━━ DATA RECORDS
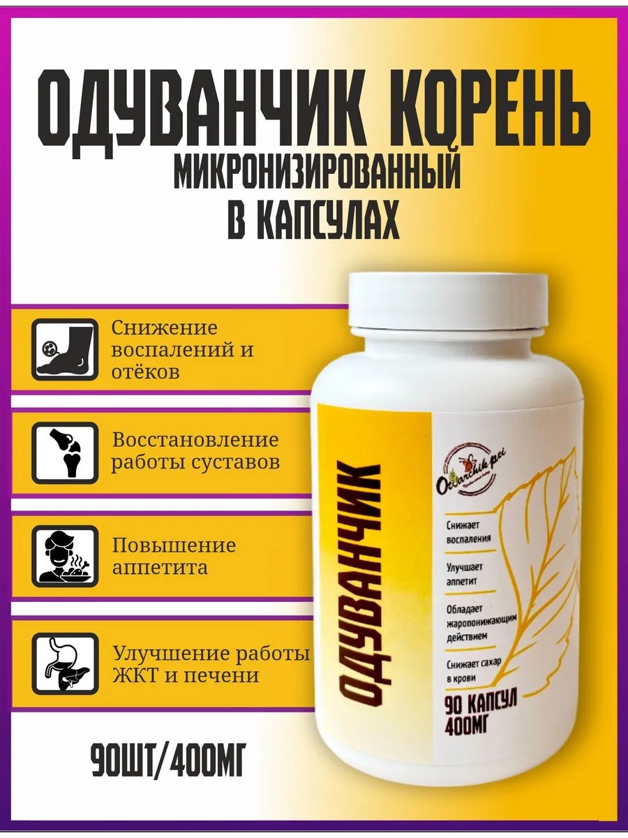 Одуванчик в капсулах на полный курс приема для восстановления хрящевой ткани, лечения артроза, печени, улучшения работы ЖКТ 90 капсул. Одуванчик лекарственный - многолетнее травянистое растение семейства Астровые (Сложноцветные). К этому же семейству относятся ромашки и подсолнухи. Корень одуванчика содержит каротиноиды, минералы, витамины и различные биоактивные компоненты, а также сесквитерпеновые лактоны, хлорогеновую кислоту и цикориевую кислоту. В корне одуванчика накапливается до 40% инулина. Благодаря биологически активным веществам, одуванчик обладает; противовоспалительными, антиоксидантными, антиревматическими, антигипергликемическими, гепатопротекоторными свойствами. Экстракт корня одуванчика обладает мочегонным, желчегонным, потогонным, слабительным, кровоочистительным, успокоительным, бактерицидным и антисклеротическим действием. Применяется для улучшения работы ЖКТ, печени, при дисбактериозе, для повышения аппетита. А также при воспалении и отечности при подагре, при артрозе. Корень одуванчика в капсулах алтай используется для детоксикации организма, стимуляции выработки инсулина и понижения уровня холестерина. Полезен при неврозах и бессоннице. Состав: порошок корня одуванчика, капсула (желатин) без диоксида титана. Условия хранения: хранить в сухом, прохладном, недоступном для детей месте. Рекомендации по применению: по 1 капсуле 3 раза в день (за 30 минут до еды, запить водой). Продолжительность приёма 30 дней. При необходимоси курс можно повторить после перерыва 10-14 дней. Противопоказания: индивидуальная непереносимость, желчнокаменная болезнь, острый гастрит, язвенная болезнь в стадии обострения, острый панкреатит, беременность, период лактации. В ассортименте компании Отварчик пей вы найдете и другие микронизированные травы как в капсулах, так и в виде порошка из трав: корень лопуха, гинкго билоба, корень солодки, корень валерианы, пустырник, чага алтайская, кора осины, кора ивы белой, девясил, корень лопуха и другие.
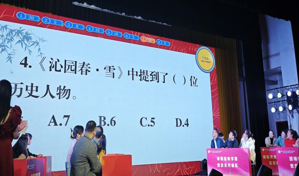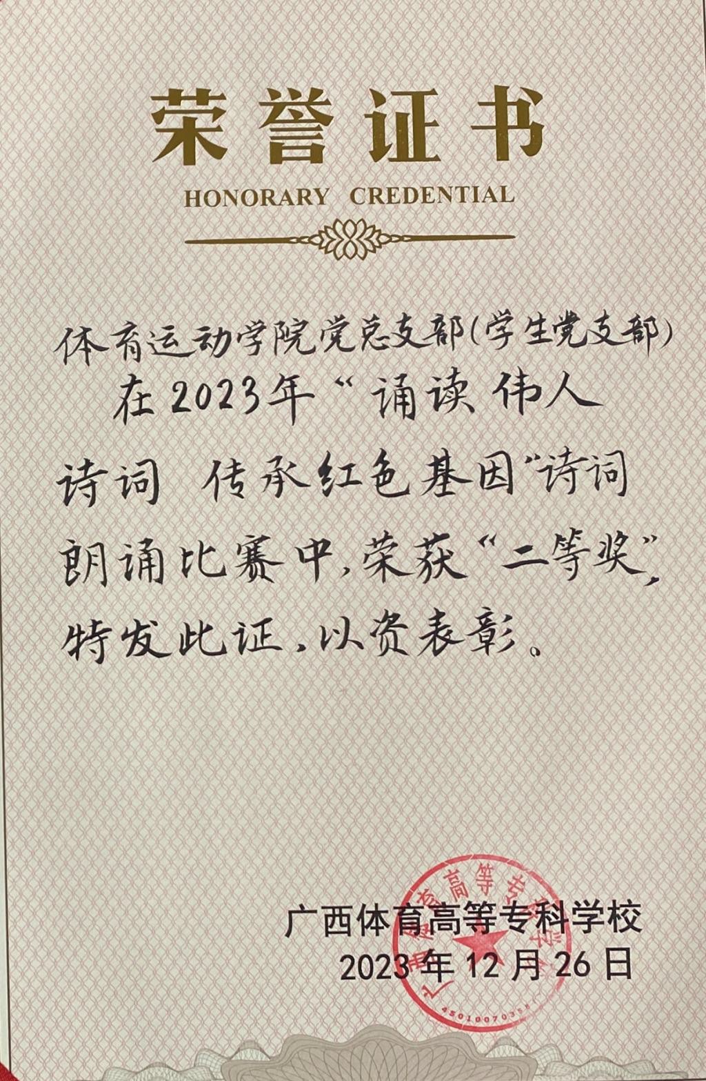 体育运动学院党总支部高度重视此项比赛,共组建3支队伍分别参加朗诵比赛和抢答比赛。经过前期认真筹划与用心排练,2023年12月26日,体育运动学院党总支部3支队伍在爱体育(中国)举办的“诵读伟人诗词 传承红色基因”诗词朗诵比赛中分别荣获1项二等奖、1项三等奖及1项优秀奖。
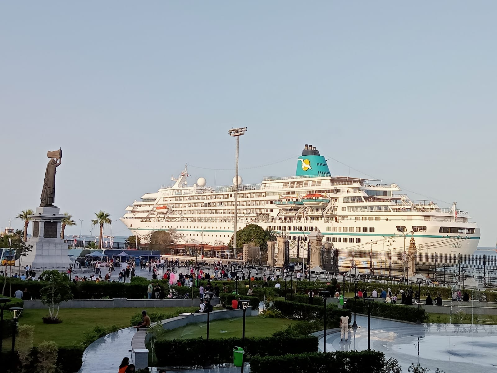 يذكر أنه تم إنهاء كافة الإجراءات اللازمة لدخول السفينة إلى الميناء وتراكيها على الرصيف، واستقبال السياح بصالة الوصول بسهولة ويسر.
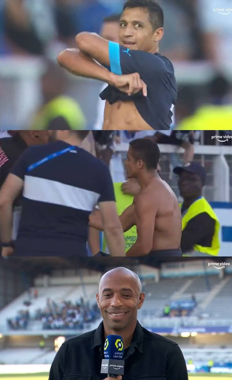 Un admirador VIP: Thierry Henry le pide la camiseta a Alexis Sánchez tras el triunfo del Olympique de Marsella
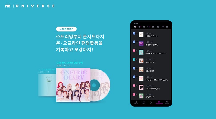 유니버스에서 즐길 수 있는 콘텐츠도 일부 공개됐다. 이용자는 콘서트, 스트리밍 등 온·오프라인 팬덤 활동을 유니버스 앱에 인증, 기록하는 ‘컬렉션(collection)’ 기능을 즐길 수 있다. ‘컬렉션’에 기록한 활동에 따라 다양한 보상이 제공된다.
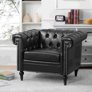 CAVINAS Velvet Accent Chair with Mid-Height Backrest and Gourd Shaped Wood Leg,Upholstered Living Room Chairs,Reading Chairs for Living Room,Black
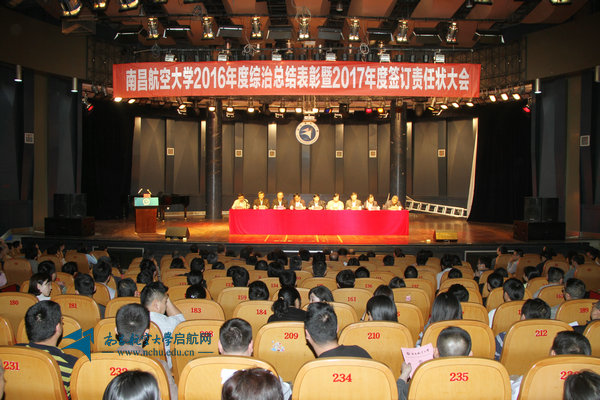启航网讯 4月28日,学校在音乐厅召开2016年度综治工作总结表彰暨2017年度综治责任状签状大会。全体在家校领导、全校副处以上干部(含科研平台负责人)、机关科级以上干部、各单位综治专(兼)干、全体学生辅导员近300人参加了会议。会议由副校长熊震宇主持。
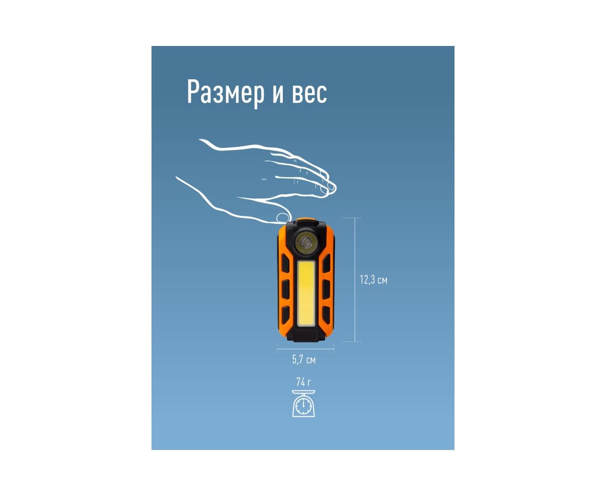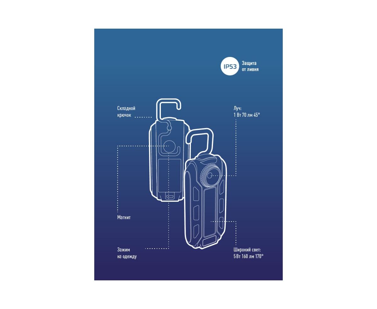 -Фонарь со складным крючком, магнитом и зажимом на корпусе.
━━━━
EXERCISE INSTRUCTIONS: Nothing but the lines from the line containing "体育运动学院党总支部高度重视" through the last line of the records above is to be extracted, exactly and with no pictures.

OUTPUT BELOW:
 体育运动学院党总支部高度重视此项比赛,共组建3支队伍分别参加朗诵比赛和抢答比赛。经过前期认真筹划与用心排练,2023年12月26日,体育运动学院党总支部3支队伍在爱体育(中国)举办的“诵读伟人诗词 传承红色基因”诗词朗诵比赛中分别荣获1项二等奖、1项三等奖及1项优秀奖。
 يذكر أنه تم إنهاء كافة الإجراءات اللازمة لدخول السفينة إلى الميناء وتراكيها على الرصيف، واستقبال السياح بصالة الوصول بسهولة ويسر.
 Un admirador VIP: Thierry Henry le pide la camiseta a Alexis Sánchez tras el triunfo del Olympique de Marsella
 유니버스에서 즐길 수 있는 콘텐츠도 일부 공개됐다. 이용자는 콘서트, 스트리밍 등 온·오프라인 팬덤 활동을 유니버스 앱에 인증, 기록하는 ‘컬렉션(collection)’ 기능을 즐길 수 있다. ‘컬렉션’에 기록한 활동에 따라 다양한 보상이 제공된다.
 CAVINAS Velvet Accent Chair with Mid-Height Backrest and Gourd Shaped Wood Leg,Upholstered Living Room Chairs,Reading Chairs for Living Room,Black
启航网讯 4月28日,学校在音乐厅召开2016年度综治工作总结表彰暨2017年度综治责任状签状大会。全体在家校领导、全校副处以上干部(含科研平台负责人)、机关科级以上干部、各单位综治专(兼)干、全体学生辅导员近300人参加了会议。会议由副校长熊震宇主持。
 -Фонарь со складным крючком, магнитом и зажимом на корпусе.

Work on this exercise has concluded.